# Extracted entries
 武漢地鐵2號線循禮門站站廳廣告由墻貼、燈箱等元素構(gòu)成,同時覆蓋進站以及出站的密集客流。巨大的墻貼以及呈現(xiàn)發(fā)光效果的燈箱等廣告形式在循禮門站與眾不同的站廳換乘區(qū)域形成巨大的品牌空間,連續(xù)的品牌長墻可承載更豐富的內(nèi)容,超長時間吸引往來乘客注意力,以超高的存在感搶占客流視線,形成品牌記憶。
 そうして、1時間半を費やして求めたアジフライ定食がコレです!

* * *

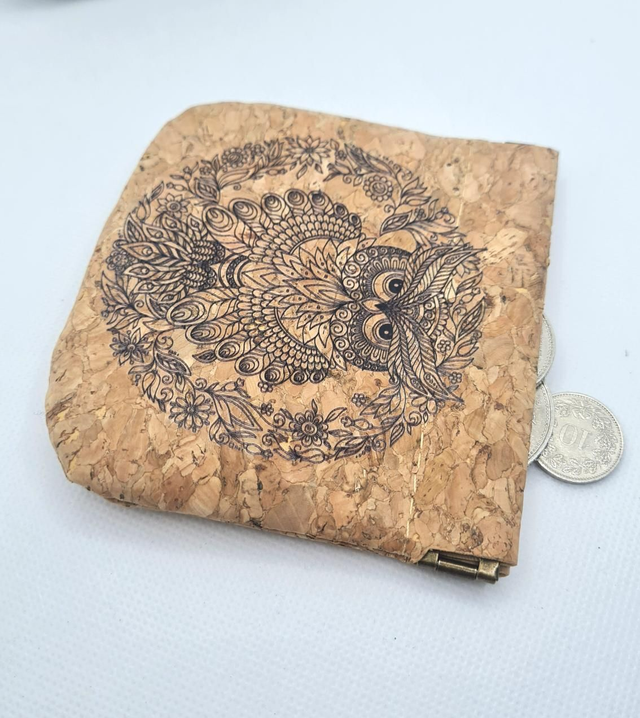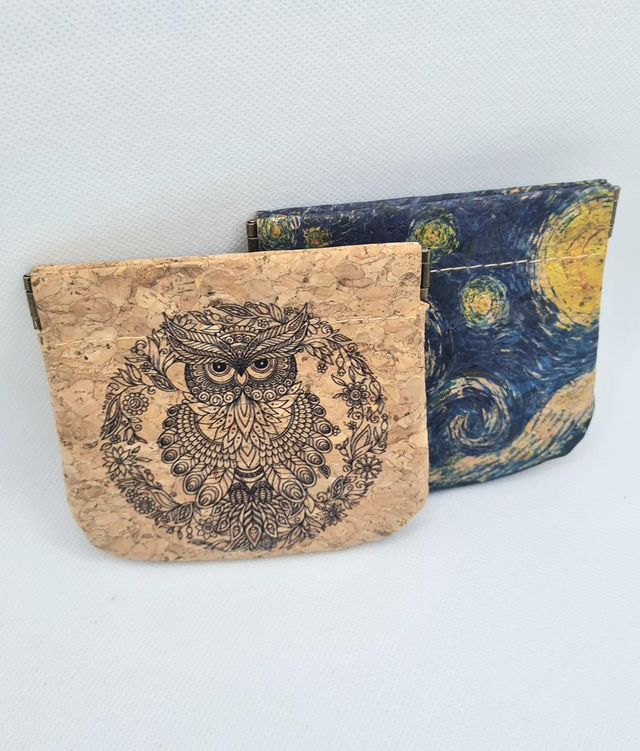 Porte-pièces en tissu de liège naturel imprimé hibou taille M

---

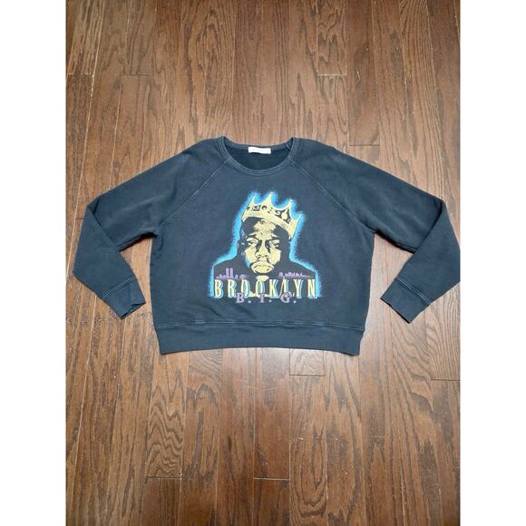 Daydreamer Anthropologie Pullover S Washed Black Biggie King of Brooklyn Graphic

# Task requirements
A verbatim transcription is needed of the lines above, starting at the line with "武漢地鐵2號線循禮門站站廳廣" and ending at the line with "そうして、1時間半を費やして求めたアジフライ定食がコレです!", both included, and of nothing else.

# Solution for this task
 武漢地鐵2號線循禮門站站廳廣告由墻貼、燈箱等元素構(gòu)成,同時覆蓋進站以及出站的密集客流。巨大的墻貼以及呈現(xiàn)發(fā)光效果的燈箱等廣告形式在循禮門站與眾不同的站廳換乘區(qū)域形成巨大的品牌空間,連續(xù)的品牌長墻可承載更豐富的內(nèi)容,超長時間吸引往來乘客注意力,以超高的存在感搶占客流視線,形成品牌記憶。
 そうして、1時間半を費やして求めたアジフライ定食がコレです!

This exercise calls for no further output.